Annual report pursuant to Section 13 and 15(d)

Equity

v3.22.4
Equity
12 Months Ended
Dec. 31, 2022
Equity [Abstract]  
Equity
38. Equity
Class A Common Stock
As of December 31, 2022, there were 67,681,856 shares of Class A Common Stock issued, consisting of 63,423,356 shares issued and outstanding and 4,258,500 unvested shares that are subject to vesting and forfeiture. The 4,258,500 unvested shares of Class A Common Stock relate to the Sponsor Earnout, which is further discussed in Note 37 - Sponsor Earnout. The 4,258,500 unvested shares of Class A Common Stock are not entitled to receive any dividends or other distributions, do not have any other economic rights until such shares are vested, and will not be entitled to receive back dividends or other distributions or any other form of economic “catch-up” if, and when, they become vested. The holders of the 63,423,356 issued and outstanding shares of Class A Common Stock represent the controlling interest of the Company.
Pursuant to the A&R MLTIP, certain equity holders of FoA and FoA Equity are obligated to deliver a number of shares of Class A Common Stock and Class A LLC Units for restricted stock unit awards granted by the Company. During the Successor year ended December 31, 2022 and nine months ended December 31, 2021, in connection with FoA’s settlement of restricted stock units into shares of Class A Common Stock and pursuant to the A&R MLTIP, these equity holders delivered 1,373,080 and 3,391,635 shares, respectively, of Class A Common Stock and 3,749,057 and 829,222 Class A LLC Units, respectively, to the Company in satisfaction of such settlement. No settlement of restricted stock awards occurred during the Predecessor three months ended March 31, 2021 or for the year ended December 31, 2020. This delivery of shares of Class A Common Stock and Class A LLC Units to the Company offset the gross award of RSUs settled.

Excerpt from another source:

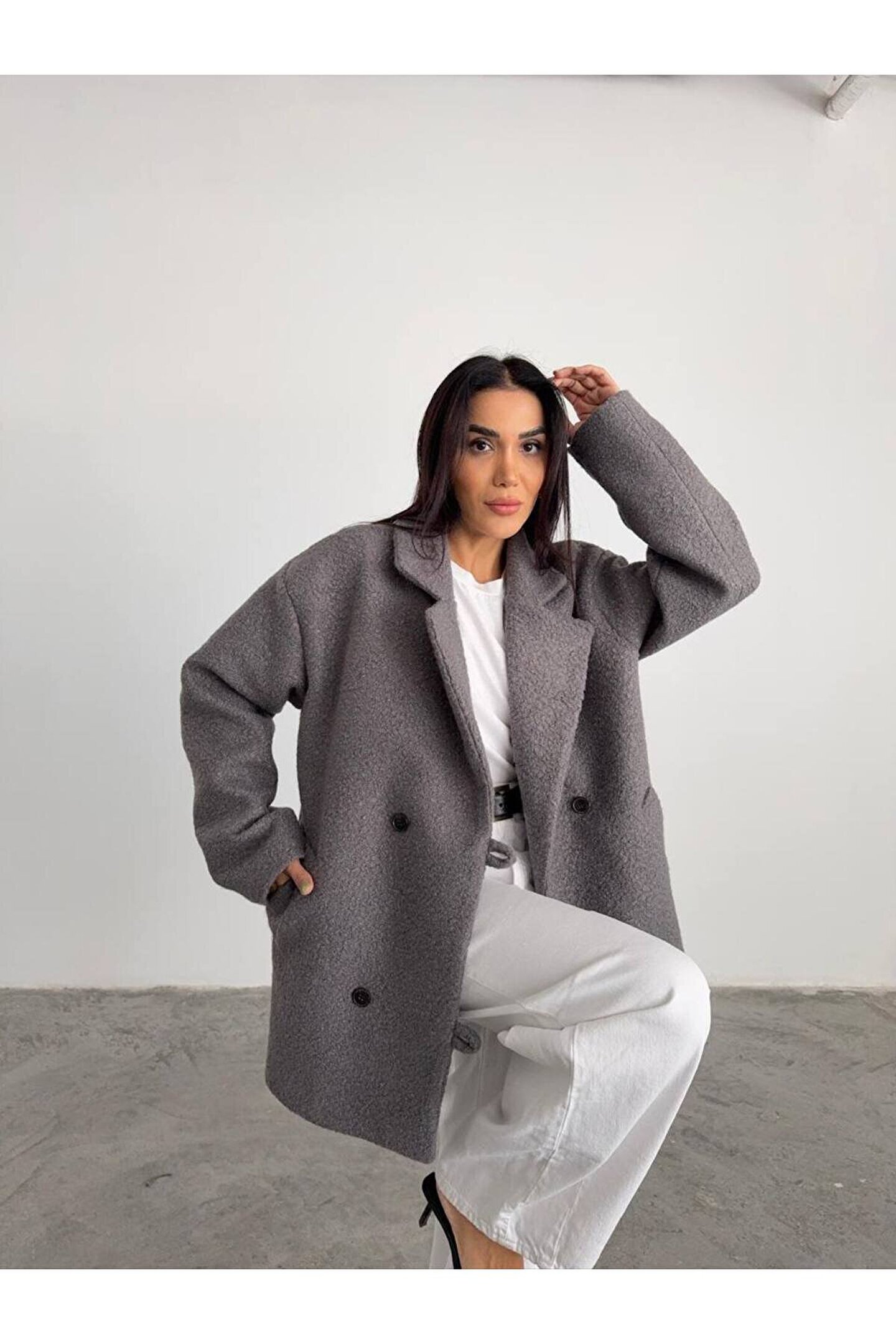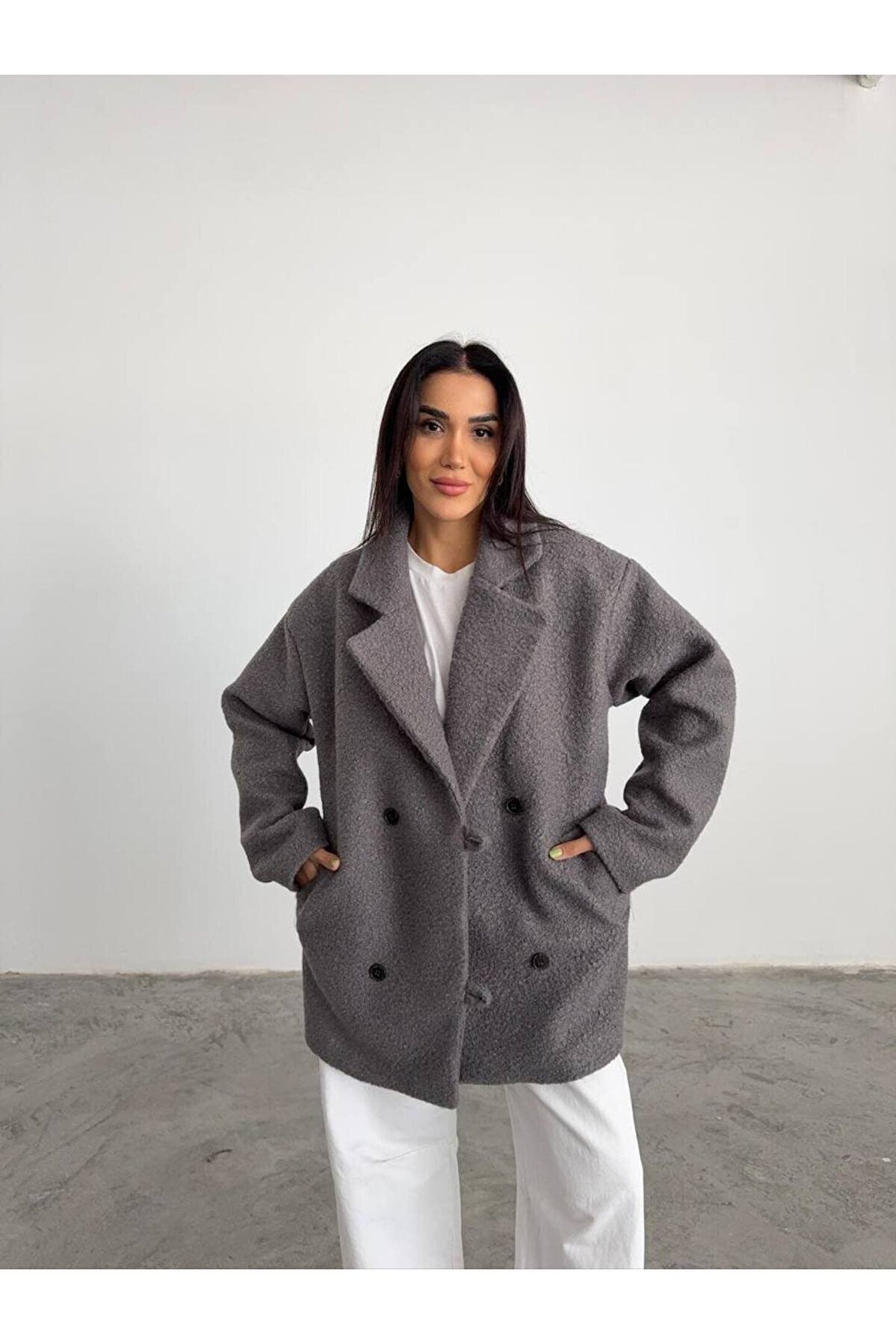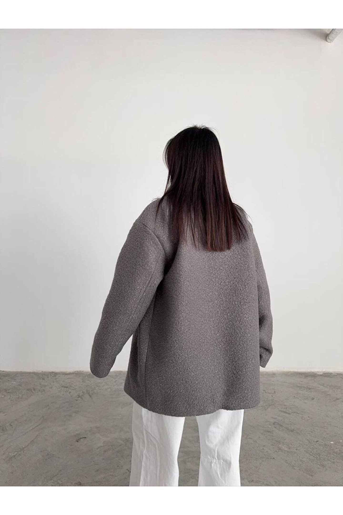 popibutik Kadın Buklet Kumaş Kısa Kaban

During the Successor year ended December 31, 2022 and nine months ended December 31, 2021, the Company elected to retire 2,046,062 and 1,788,447 shares, respectively, offsetting RSUs withheld to fund employee payroll taxes and instead funded those taxes with operating cash. No shares were retired for this purpose during the Predecessor three months ended March 31, 2021 or year ended December 31, 2020. The future settlement of the Replacement RSUs and Earnout Rights outstanding as of December 31, 2022 (see Note 26 - Equity-Based Compensation) will also be funded by the delivery of Class A Common Stock and Class A LLC Units from certain equity holders of FoA and FoA Equity pursuant to the A&R MLTIP.
Pursuant to the Exchange Agreement, the Continuing Unitholders may elect to exchange their Class A LLC Units for shares of Class A Common Stock on a one-for-one basis, subject to customary conversion rate adjustments for
stock splits, stock dividends and reclassifications. During the Successor year ended December 31, 2022 and nine months ended December 31, 2021, in connection with FoA’s settlement of the exchange of Class A LLC Units for shares of Class A Common Stock and pursuant to the Exchange Agreement, certain equity holders delivered 491,509 and 1,795,197 Class A LLC Units, respectively, to the Company in exchange for the same number of shares of Class A Common Stock, respectively, in satisfaction of such settlement. There were no exchanges of Class A LLC Units for shares of Class A Common Stock during the Predecessor three months ended March 31, 2021 or year ended December 31, 2020.
Class B Common Stock
As of December 31, 2022, there are 14 shares of Class B Common Stock outstanding, all holders of which are Class A LLC Unit holders. The Class B Common Stock, par value $0.0001 per share, has no economic rights but entitles each holder of at least one such share (regardless of the number of shares so held) to a number of votes that is equal to the aggregate number of Class A LLC Units held by such holder on all matters on which Class A common stock holders are entitled to vote. In December 2022, The Mortgage Opportunity Group, LLC transferred its one share of Class B Common Stock to Libman Family Holdings, LLC, which was subsequently retired.
Class A LLC Units
In connection with the Business Combination, the Company, FoA Equity, and the Continuing Unitholders entered into an Exchange Agreement. The Exchange Agreement sets forth the terms and conditions upon which holders of Class A LLC Units may exchange their Class A LLC Units for shares of Class A Common Stock on a one-for-one basis, subject to customary conversion rate adjustments for stock splits, stock dividends, and reclassifications. The Continuing Unitholders' ownership of Class A LLC Units represents the noncontrolling interest of the Company, which is accounted for as permanent equity in the Consolidated Statements of Financial Condition. As of December 31, 2022, there were 187,876,657 Class A LLC Units outstanding. Of the 187,876,657 Class A LLC Units outstanding, 63,423,356 are held by the Class A Common Stock shareholders and 124,453,301 are held by the noncontrolling interest of the Company.